• [Input]
################

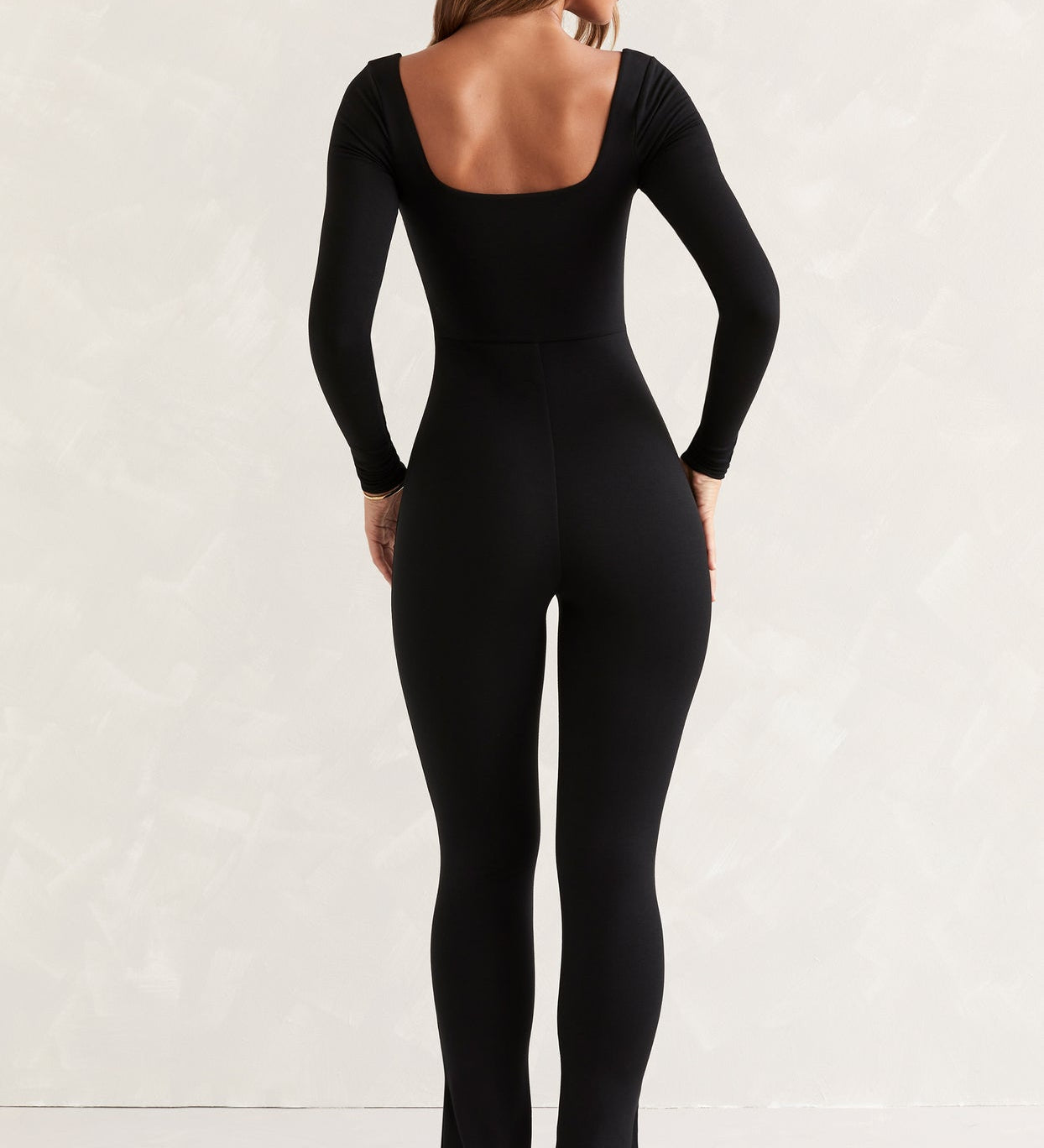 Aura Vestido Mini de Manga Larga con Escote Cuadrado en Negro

################

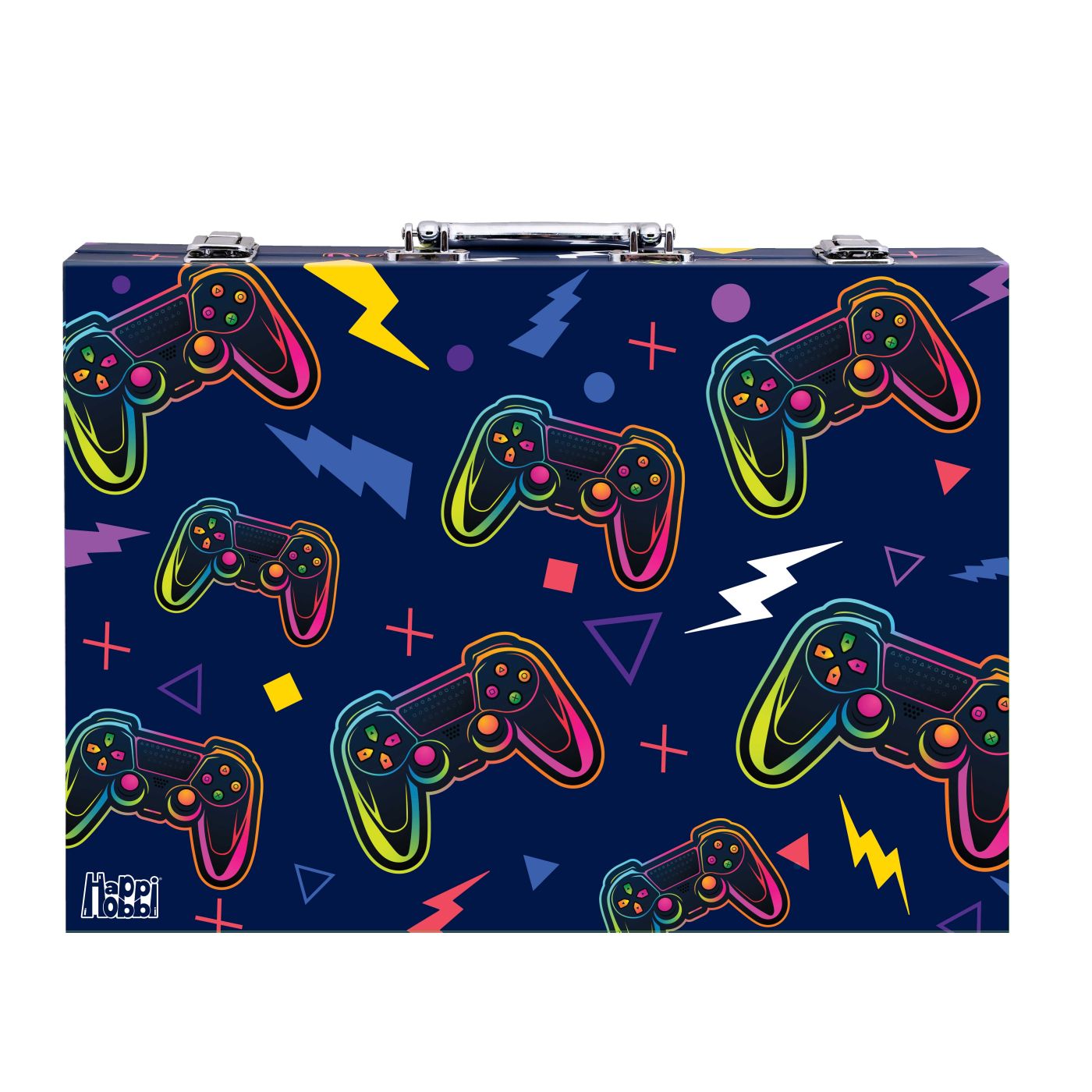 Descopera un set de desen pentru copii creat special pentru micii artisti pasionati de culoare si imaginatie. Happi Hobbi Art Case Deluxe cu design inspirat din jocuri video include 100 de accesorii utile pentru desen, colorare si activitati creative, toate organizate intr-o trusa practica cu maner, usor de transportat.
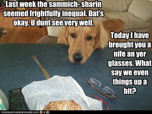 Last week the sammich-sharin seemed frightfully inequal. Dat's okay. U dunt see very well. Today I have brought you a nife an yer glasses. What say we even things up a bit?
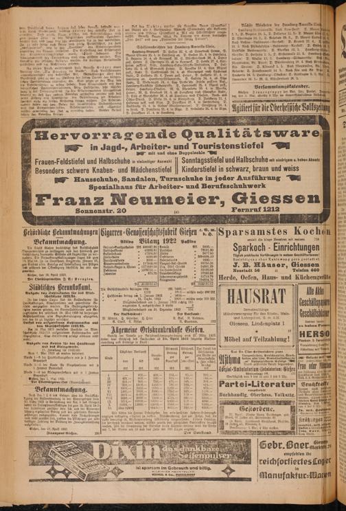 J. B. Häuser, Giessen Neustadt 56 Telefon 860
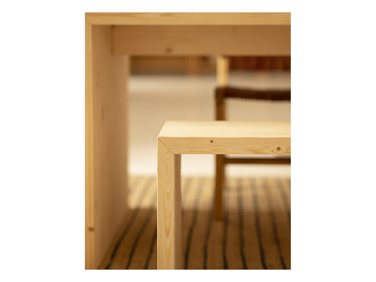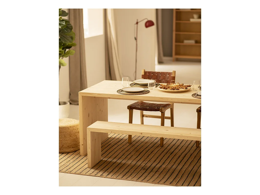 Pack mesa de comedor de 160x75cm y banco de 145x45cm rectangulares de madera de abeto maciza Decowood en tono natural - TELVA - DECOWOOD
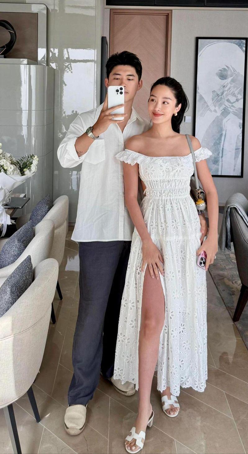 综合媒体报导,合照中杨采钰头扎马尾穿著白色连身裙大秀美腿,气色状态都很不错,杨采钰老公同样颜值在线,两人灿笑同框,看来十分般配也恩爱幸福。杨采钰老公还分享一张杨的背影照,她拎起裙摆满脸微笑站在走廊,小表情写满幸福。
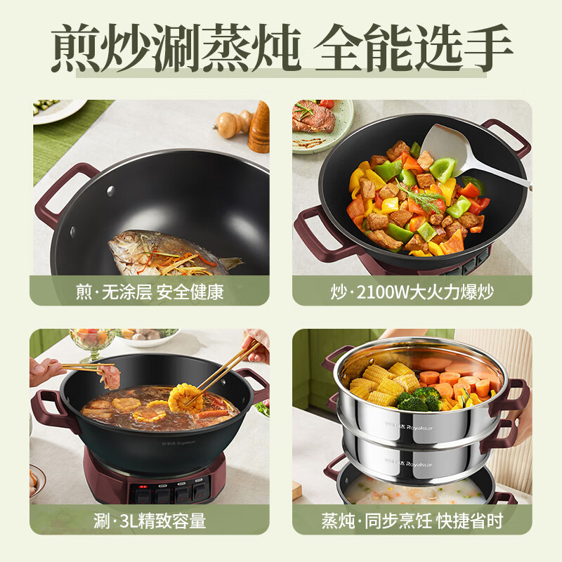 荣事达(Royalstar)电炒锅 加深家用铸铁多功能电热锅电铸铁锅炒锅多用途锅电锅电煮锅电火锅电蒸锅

################

• [Exercise] Print everything from the line with "综合媒体报导,合照中杨采钰头" down to the line with "荣事达(Royalstar)" in the entries above, both lines included and nothing more, without the pictures.

• [Final answer]
 综合媒体报导,合照中杨采钰头扎马尾穿著白色连身裙大秀美腿,气色状态都很不错,杨采钰老公同样颜值在线,两人灿笑同框,看来十分般配也恩爱幸福。杨采钰老公还分享一张杨的背影照,她拎起裙摆满脸微笑站在走廊,小表情写满幸福。
 荣事达(Royalstar)电炒锅 加深家用铸铁多功能电热锅电铸铁锅炒锅多用途锅电锅电煮锅电火锅电蒸锅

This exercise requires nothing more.